Indeed, manufacturing was also revised and in this case it’s not great news. The small expansion we talked about (+0.2% in the first quarter of 2018) has now become a small contraction (-0.1%).
As you might already imagine, the differences within the manufacturing sectors are even bigger moving from the 3.6% upwards revision of the electrical sector (which still remains one of the worst Q1 performer at -5.3%) to the 2.8% downward revision to other transport (mainly aerospace and shipbuilding).
Business investment in struggling but not as much as total investment
After the preliminary release, several analysts thought that the GDP by expenditure breakdown (only available from the second release) would have shown a small contraction of consumption expenditure and a small expansion of investment. In May we learned that this was not the case and the June release confirmed it.

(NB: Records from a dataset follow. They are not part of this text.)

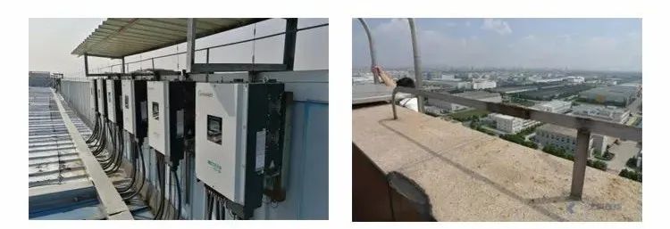 a:逆變器的PE接地與防雷帶直接連接在一起。
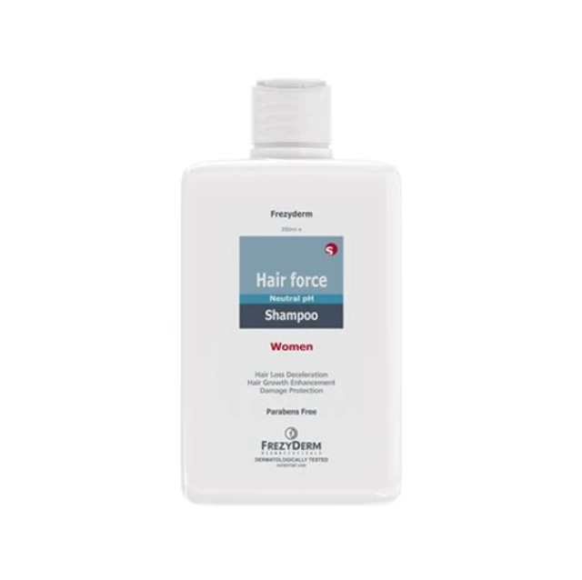 Το Frezyderm Hair Force Shampoo Women αντιμετωπίζει τόσο την εποχική όσο και τη χρόνια αντιδραστική τριχόπτωση και τα αδύναμα μαλλιά.
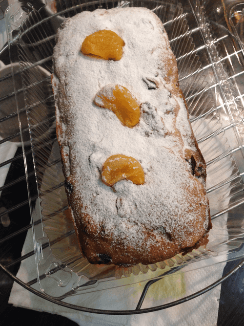 Remove the cooled cake from the mold and decorate with remaining mandarin slices, powdered sugar, thin citrus zest, or rosemary sprigs.

The second GDP release showed business investment contracting by 0.2% in the quarter after a weak but positive expansion in the third and fourth quarter of 2017. However, since a lot was revised on the output side, the expenditure side was revised as well.
Now we know that business investment contracted by 0.4%, however the big expenditure downward revision was for the other components of gross fixed capital formation. Overall investments in the UK (business and non-business) contracted by 1.3% instead of the 0.9% expansion pencilled in the second release. Quoting the ONS “the revision was due mainly to the incorporation of updated information from central government departments and improved local government estimates”.
…and trade was revised too
Finally, trade balances were also affected by new data showing that exports were flat in the quarter (upward revised from the 0.5% contraction showed in the 2nd release) and imports were down 0.2% ( -0.6% in the 2nd release).
A new system is starting
From July, a new monthly GDP estimate will be introduced and quarterly releases will be reduced to two from the current three. ONS will remove the preliminary release in order to improve accuracy over timeliness which will still remain good by international standards.
If this is the case, we will welcome it with open arms!